Draut, A.E., Redsteer, M.H., and Amoroso, L., 2012, Vegetation, substrate, and aeolian sand transport at Teesto Wash, Navajo Nation, 2009–12: U.S. Geological Survey Scientific Investigations Report 2012-5095, 78 p., http://pubs.usgs.gov/sir/2012/5095/.
Draut, A.E., Redsteer, M.H., and Amoroso, L., 2012, Recent seasonal variations in arid landscape cover and aeolian sand mobility, Navajo Nation, southwestern U.S., in Giosan, L., and others, eds., Climate, Landscapes and Civilizations: American Geophysical Union Monograph 198, p. 51–60.
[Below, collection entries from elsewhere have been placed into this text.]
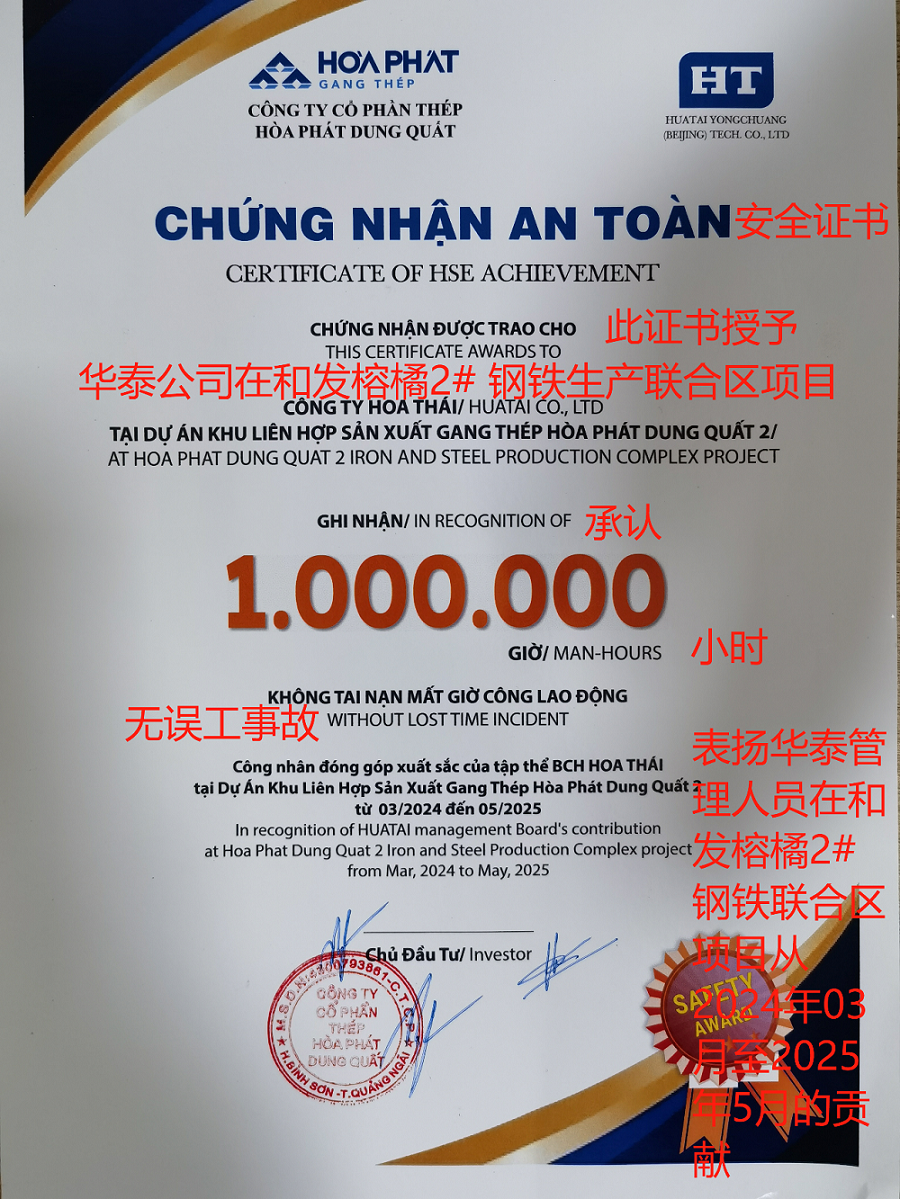 越南和发榕橘钢铁股份有限公司于2025年7月2日正式授予我司越南榕橘项目部《100万工时无误工事故安全嘉奖》,这是近年来唯一一次授予中国籍总承包公司。安全是合作共赢的基石,这项荣誉标志着我司安全管理工作赢得了业主方的高度认可,成为我司开拓海外总承包工程市场的又一金字招牌。
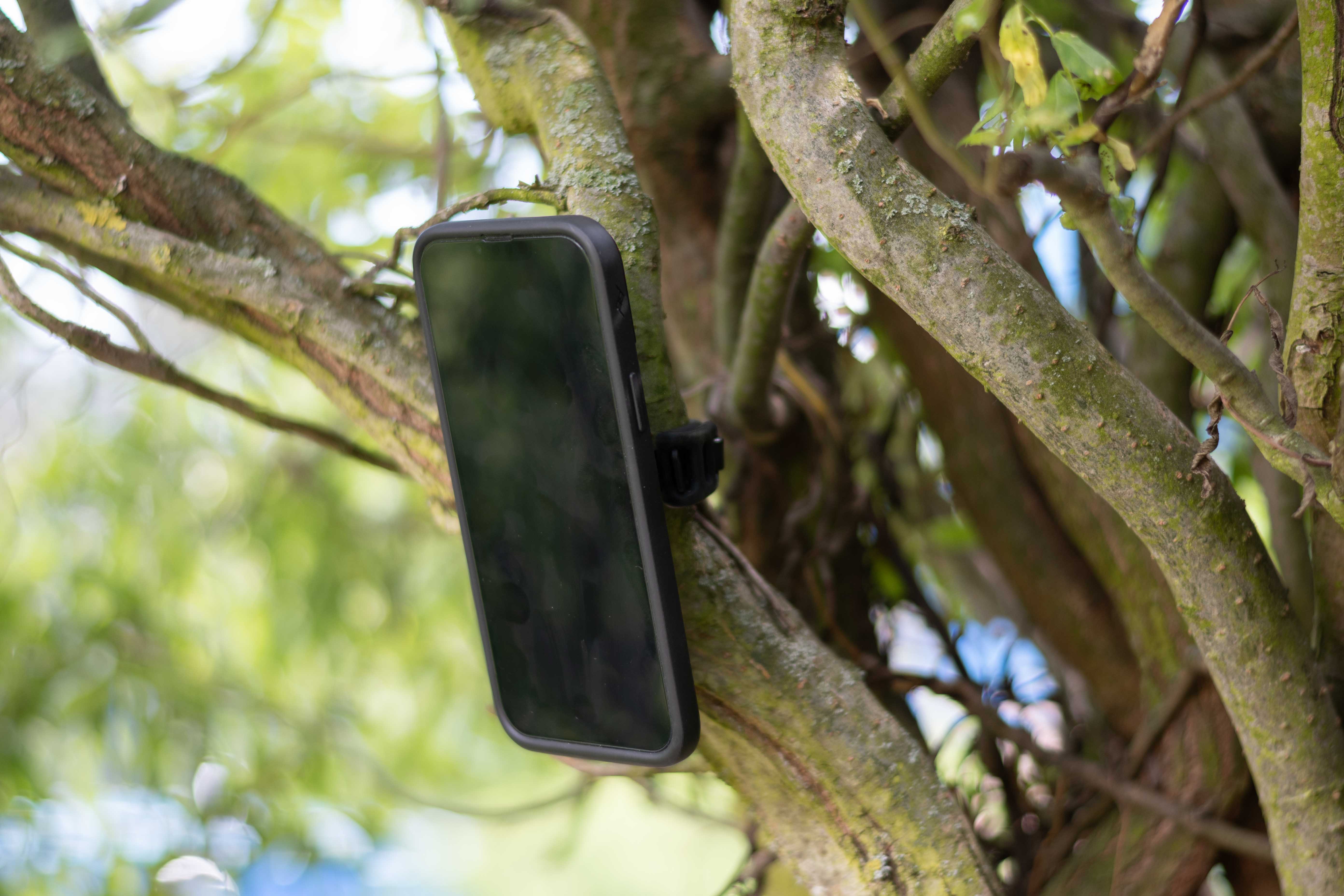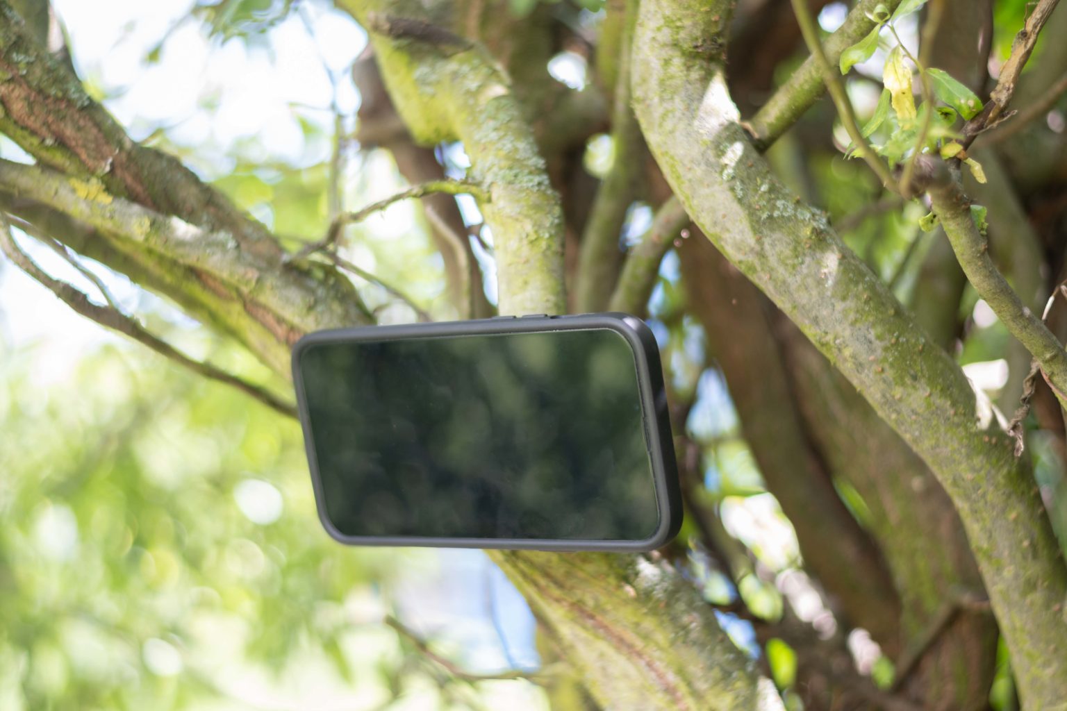 Jak již název produktu napovídá, Universal Bar Mount je univerzálním držákem vybavený speciálním silikonovým popruhem, který slouží k “obmotání” předmětu, ke kterému je třeba držák a následně telefon přichytit. Výrobce hovoří v technických specifikacích produktu sice primárně o řidítkách a tak podobně, držák je nicméně připnutelný i k jiným tvarům, což z něj dělá skutečně univerzálního pomocníka. Jediné, s čím je třeba počítat, je to, že držák je navržen pro maximální rozsah 19 až 55 milimetrů, takže do něj větev o průměru 20 centimetrů skutečně nepřichytíte.
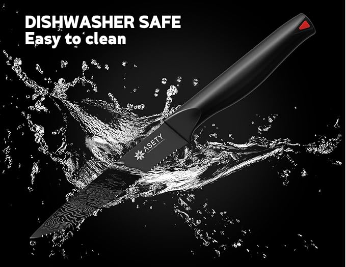 The protective black coating offers excellent resistance to wear and corrosion, keeping the knives looking new over time. Dishwasher-safe construction adds ease to cleanup.
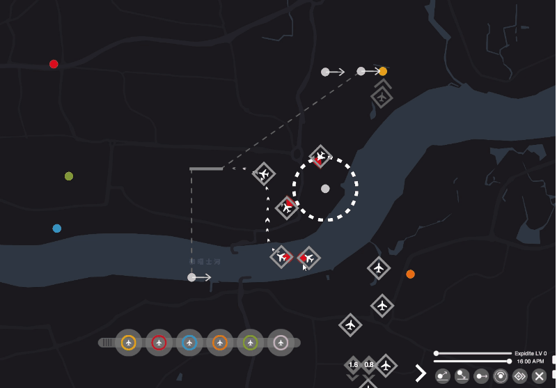 遊戲呢主要就是讓飛機從待機點起飛,飛機有不同的顏色,不同的顏色要降落到對應顏色的機場,期間還會有白色的飛機從邊界飛來,而白色飛機要降落在起飛跑道哪裏。
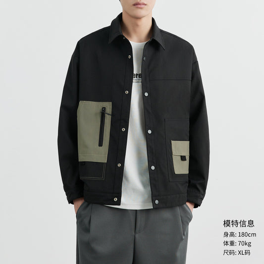 Anti-wrinkle Twill Men's Black Flip Collar Jacket, Trendy Slightly Loose Patchwork Workwear Casual Coat
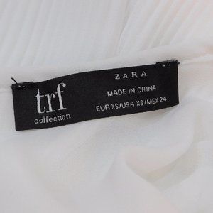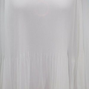 A lovely flowy white pleated blouse. Elegant in it's simplicity the nature of the fabric and it's lines are what makes it wonderful. One of the close up photos is to show the pleats the other is to show 2 small catches on the front of the top (not noticeable but worth noting). The sleeves are flowy as well with a buttoned cuff. The top has a thin lining underneath.

Sedimentary, Tectonic, and Geochemical Processes of Active Margins
I have worked on both modern and ancient tectonic and sedimentary processes along active margins. Currently, my work in this area focuses on the Queen Charlotte Fault, the plate boundary between the Pacific and North American plates along southeastern Alaska. This work is ongoing thanks to great new data sets (multibeam bathymetric and shallow seismic-reflection data) collected in 2015 and 2016... stay tuned. Much of my work in the ancient record dealt with island-arc magmatism, which is thought to be a primary way to generate continental crust. Origin of continental crust is a contentious issue, as scientists must reconcile geochemical disparities between most arc volcanism and bulk continental crust. Studying evolution of modern and ancient accreted arc terranes contributes new understanding into arc-continent collision processes, with implications for understanding more about these important systems - both their role in forming continental crust, and, from a geohazards perspective, their ability to generate large tsunamigenic earthquakes. I have worked in accreted arc terranes of Ireland, Alaska, and Taiwan, studying geochemical and sedimentary processes that accompany arc-continent collision, and also worked around the Aleutian arc studying sedimentary and tectonic evolution of the forearc evident from sedimentary basin development. By better understanding the structural history and sedimentary environments of Alaska and the Aleutians, we aim to clarify the risk of great earthquakes and tsunami generation there.
Draut, A.E., and Clift, P.D., 2013, Differential preservation in the geologic record of island-arc sedimentary and tectonic processes: Earth-Science Reviews, v. 116, p. 57–84.
Ryan, H.F., Draut, A.E., Scholl, D.W., and Keranen, K., 2012, Influence of the Amlia fracture zone on the evolution of the Aleutian Terrace forearc basin, central Aleutian subduction zone: Geosphere, v. 8, no. 6, p. 1254–1273, doi:10.1130/GES00815.1.
Draut, A.E., Clift, P.D., Amato, J.M., Blusztajn, J., and Schouten, H., 2009, Arc-continent collision and the formation of continental crust - a new geochemical and isotopic record from the Ordovician Tyrone Igneous Complex, Ireland: Journal of the Geological Society, London, v. 166, p. 485 - 500.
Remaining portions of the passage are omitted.